Integridad y Sabiduria

Aplicando las profecías de la Biblia

Jairo Namnún 23 marzo, 2018

Cuando pensamos en los profetas bíblicos, solemos imaginar figuras místicas que predecían el futuro o, peor aún, los comparamos con quienes hoy en televisión dicen recibir revelaciones sobre dolencias específicas. Sin embargo, la esencia del profeta en la Escritura es radicalmente distinta: un profeta es, ante todo, alguien que habla de parte de Dios. Las visiones y predicciones cumplidas eran secundarias, simples confirmaciones de que el mensaje provenía del Señor. Deuteronomio advierte que incluso falsos profetas pueden acertar predicciones, pero si desvían hacia otros dioses, deben ser rechazados. Lo que autenticaba a un verdadero profeta no era su capacidad de adivinar, sino su fidelidad al mensaje divino.

Los libros proféticos contienen diversos subgéneros —narrativas, sermones, poemas, diálogos y visiones— que requieren atención específica. Un profeta como Jeremías experimentaba el peso de proclamar palabras de juicio que él mismo hubiera preferido callar, pero sentía un fuego interior que le impedía guardar silencio. Los cuatro elementos constantes en la predicación profética son: la autoridad de la palabra de Dios, la denuncia del pecado, la proclamación del juicio y, siempre, el anuncio de salvación. Porque el juicio divino nunca invalida su misericordia.

Para interpretar correctamente las profecías, Jairo Namnún ofrece siete consejos prácticos: investigar el contexto histórico, atender el contexto inmediato, prepararse para el lenguaje figurado, notar si la profecía es condicional o incondicional, encontrar primero el significado original antes de aplicarlo, identificar si ya se cumplió o está por cumplirse, y observar el carácter de los profetas. Todo este género apunta finalmente a Cristo: la necesidad de mediadores señalaba al Mediador definitivo, y el rechazo que sufrieron los profetas anticipaba el rechazo que sufriría el Mesías, quien derramó su sangre para hacer nuestros pecados blancos como la nieve.

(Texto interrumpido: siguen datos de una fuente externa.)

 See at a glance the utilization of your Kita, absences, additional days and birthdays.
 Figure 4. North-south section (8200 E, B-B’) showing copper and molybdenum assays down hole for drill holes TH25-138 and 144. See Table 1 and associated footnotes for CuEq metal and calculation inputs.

  1. Según la clase, ¿cuál es la característica principal que define a un profeta bíblico, y por qué las visiones y predicciones cumplidas ocupan un lugar secundario?

  2. ¿Cuáles son los cuatro elementos que aparecen consistentemente en la predicación profética del Antiguo Testamento?

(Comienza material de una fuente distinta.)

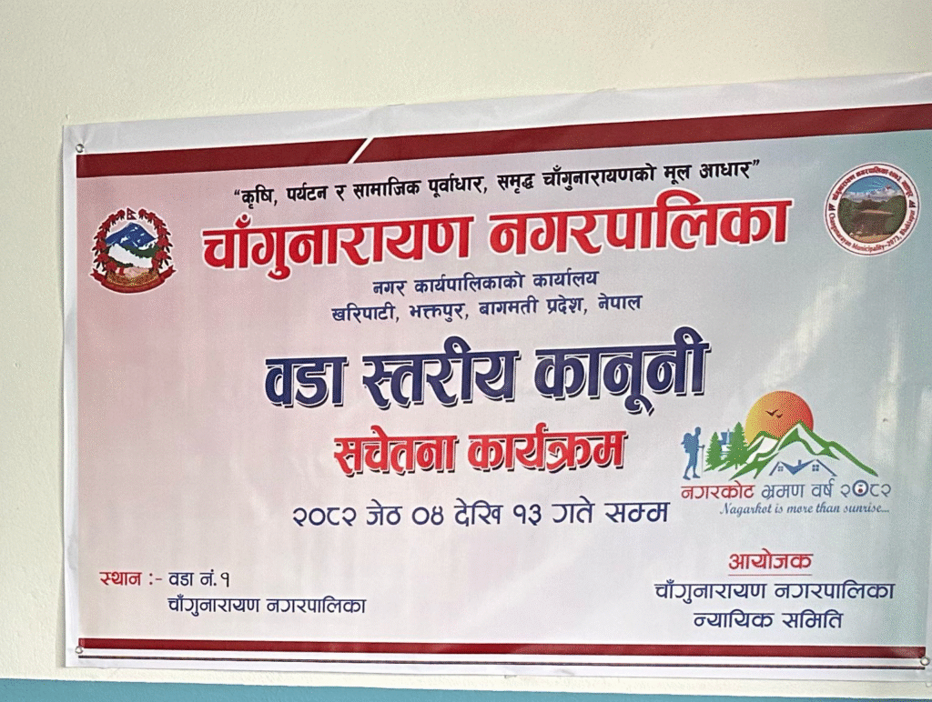 चाँगुनारायण नगरका ९ वटै वडामा कानूनी सचेतना सम्बन्धी कार्यक्रम सञ्चालन, ७ सय भन्दा बढी लाभान्वित
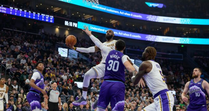 James, quien anotó la mayoría de sus puntos en contraataques y fuertes penetraciones al aro, añadió ocho asistencias y seis rebotes en 34 minutos. Logró 11 unidades y 12 asistencias en una victoria contra el Jazz el martes, en el primer partido de su 23ra temporada en la NBA. James se perdió el campamento de entrenamiento y los primeros 14 partidos de los Lakers debido a una ciática.
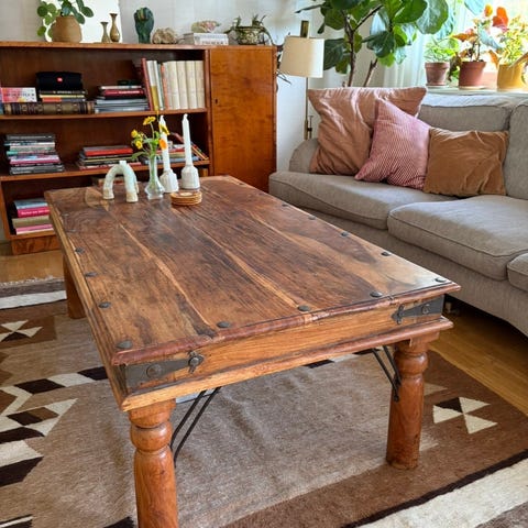 Fint soffbord i trä, dock osäker på vilket träslag.
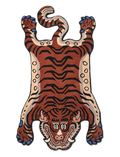 Frankie är en kusin till tigermattan Bongusta, men Frankie är lite mer "vuxen". Denna tigerkompis är tillverkad i mörkare färger och har ett coolt blått nagellack. Frankie är handtuftad i Indien - ett hantverk som har förts vidare genom generationer och resultatet är vackert gjorda mattor med massor av detaljer. Ullen ger slitstarka mattor som känns mjuka och sköna när du går på dem.
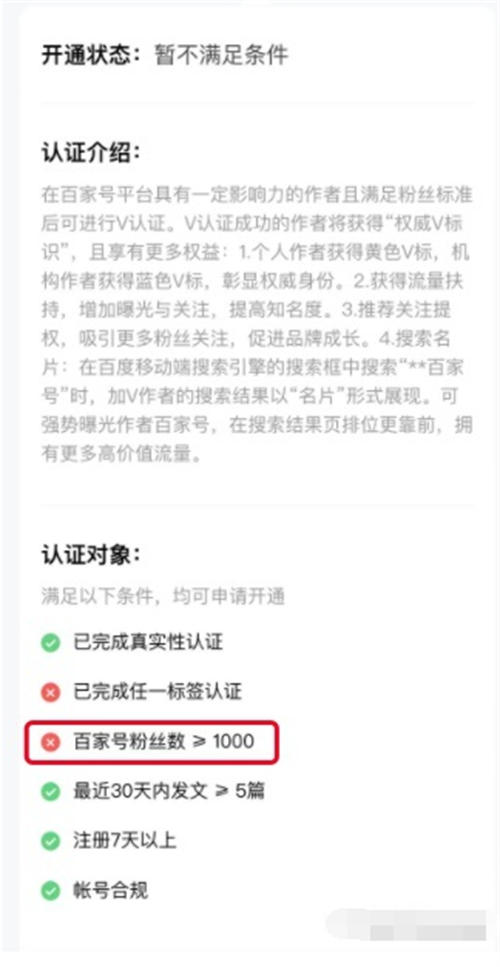 比如上圖是我教程百家號認(rèn)證提示,要滿足1000粉絲(當(dāng)然,前面百家號站外優(yōu)化說過有人+粉之類,哈哈哈)。所以,我就不用賬號參與排名,主要做百家號文章排名。

  3. Jeremías describió la palabra de Dios como un fuego ardiente que no podía contener aunque quisiera callar. ¿Has experimentado alguna vez esa tensión entre saber que debes decir una verdad difícil a alguien y el deseo de evitar las consecuencias? ¿Qué hiciste con ese "fuego"?

  4. La clase menciona que Jonás conocía la misericordia de Dios pero no quería que los ninivitas la recibieran. ¿Hay alguna persona o grupo de personas en tu vida a quienes, si eres honesto, preferirías que Dios no perdonara? ¿Qué revela eso sobre tu propio corazón?

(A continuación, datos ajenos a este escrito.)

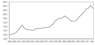 2010年6月中原(上海)領先指數 228.3點,上海二手指數均價25536元/平方米,環比下降3.55%,同比上升21.7%。
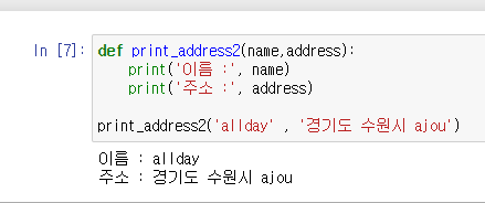 print_address2(name, address)와 같이 2개의 매개변수를 가지는 함수를 정의하여라. 이 함수를 호출할 때 print_address2("allday","경기도 수원시 ajou")라고 호출하면 아래와 같이 나오도록 함수를 작성하시오.
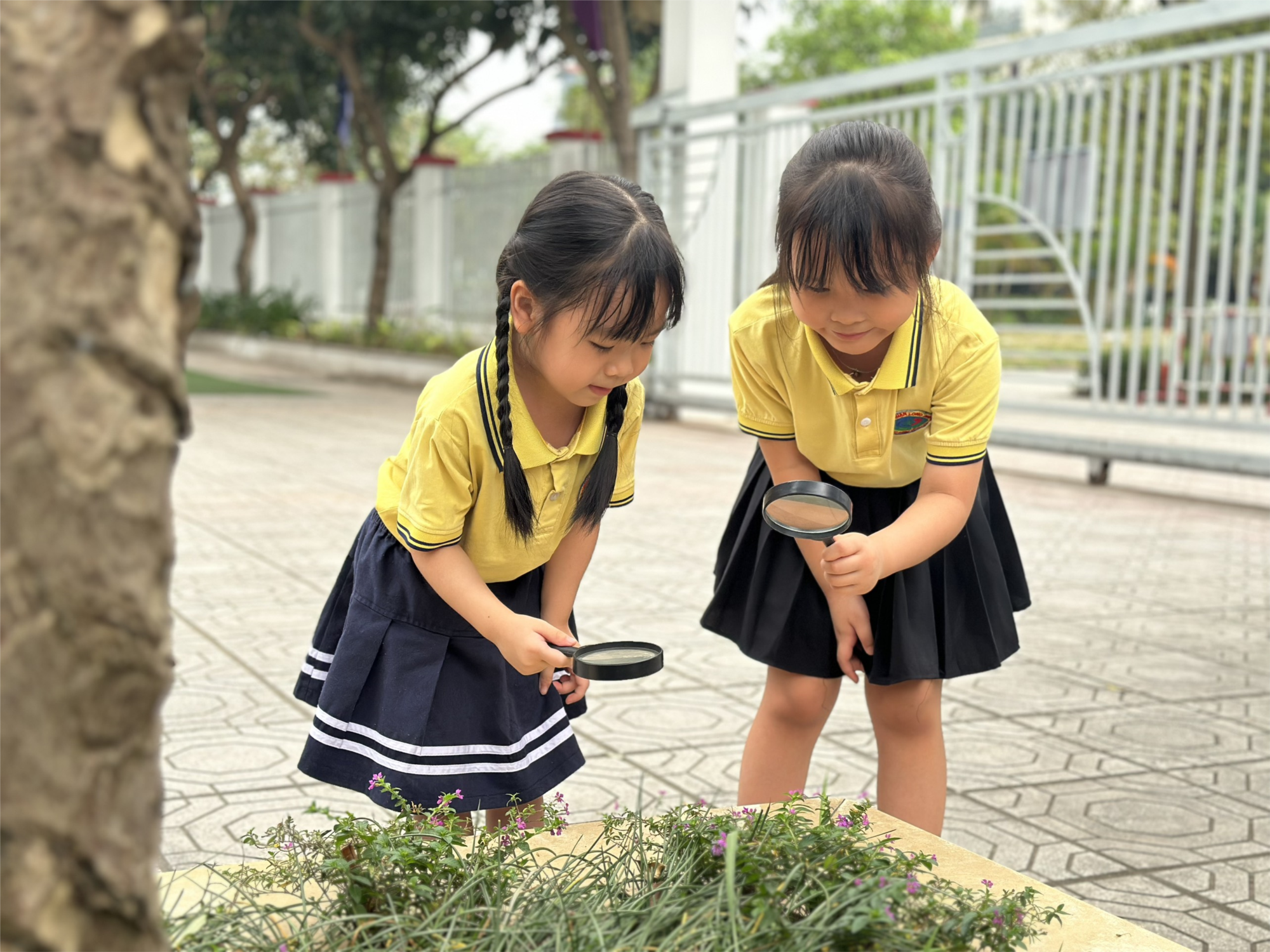 Trong sân trường rộng rãi, với ánh nắng vàng rực rỡ của sớm mai, cô trò lớp MGL A1 đã cùng nhau tham gia hoạt động ngoài trời “Tìm hiểu về lá cây bằng kính lúp”
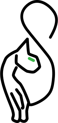 a stylized cartoon outline of a black cat with green eyes
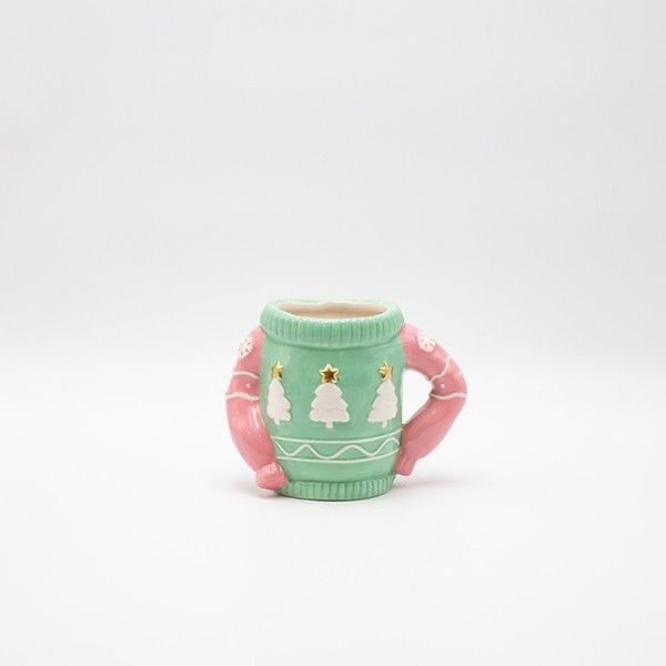 ЧАША, ПУЛОВЕР, МЕНТА СЪС ЗЛАТНИ ДРЪВЧЕТА, ДЕКОРАТИВНА, 15.5X12.2СМ
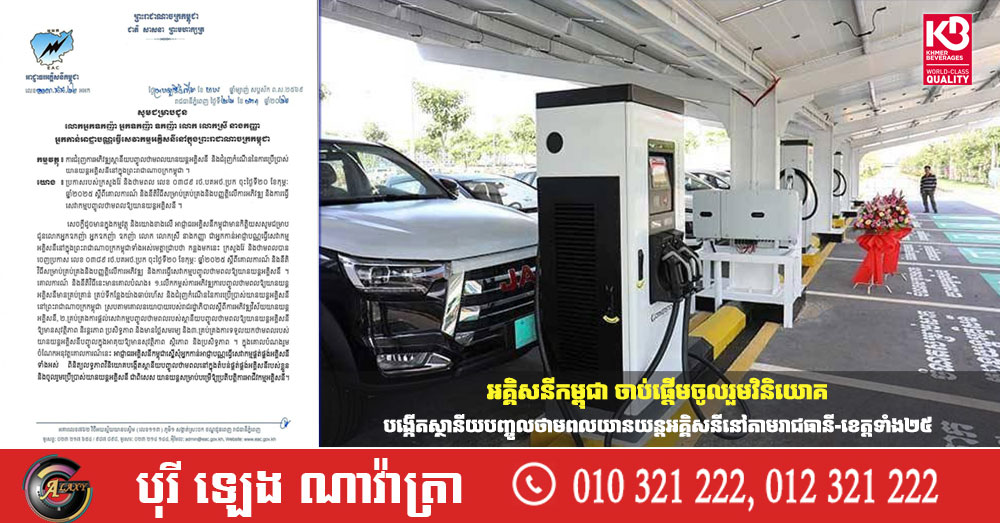 អគ្គិសនីកម្ពុជា ចាប់ផ្ដើមចូលរួមវិនិយោគ បង្កើតស្ថានីយបញ្ចូលថាមពលយានយន្តអគ្គិសនីនៅតាមរាជធានី-ខេត្តទាំង២៥
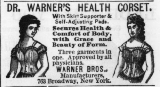 The search for a corset that simultaneously gave you a perfect figure AND felt perfectly free and easy was a gold mine for corset makers. They could claim that only low-quality, badly fitted corsets hurt. Just fork over the premium price for this new design and all will be well (Steele, 42). Reality hit only when the transaction was over.
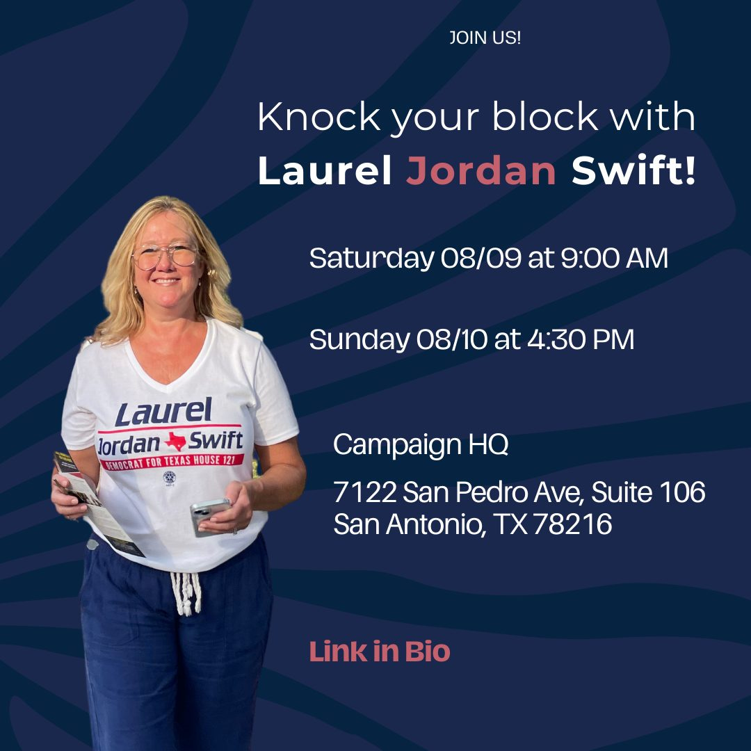 These are all good signs for Laurel Jordan Swift in HD121. Because Bexar County is so instrumental in flipping Texas this year (fingers crossed), we know many people are on the ground working to ensure voters turn in November. That includes Swift, who is doing regular block walking.

  5. Deuteronomio enseña que Dios a veces permite que falsos profetas acierten predicciones para probar si su pueblo ama verdaderamente al Señor o simplemente busca señales. En un contexto donde abundan las "profecías" en redes sociales y ciertos círculos cristianos, ¿cómo puede una comunidad de fe discernir juntos entre mensajes genuinos y falsas palabras proféticas?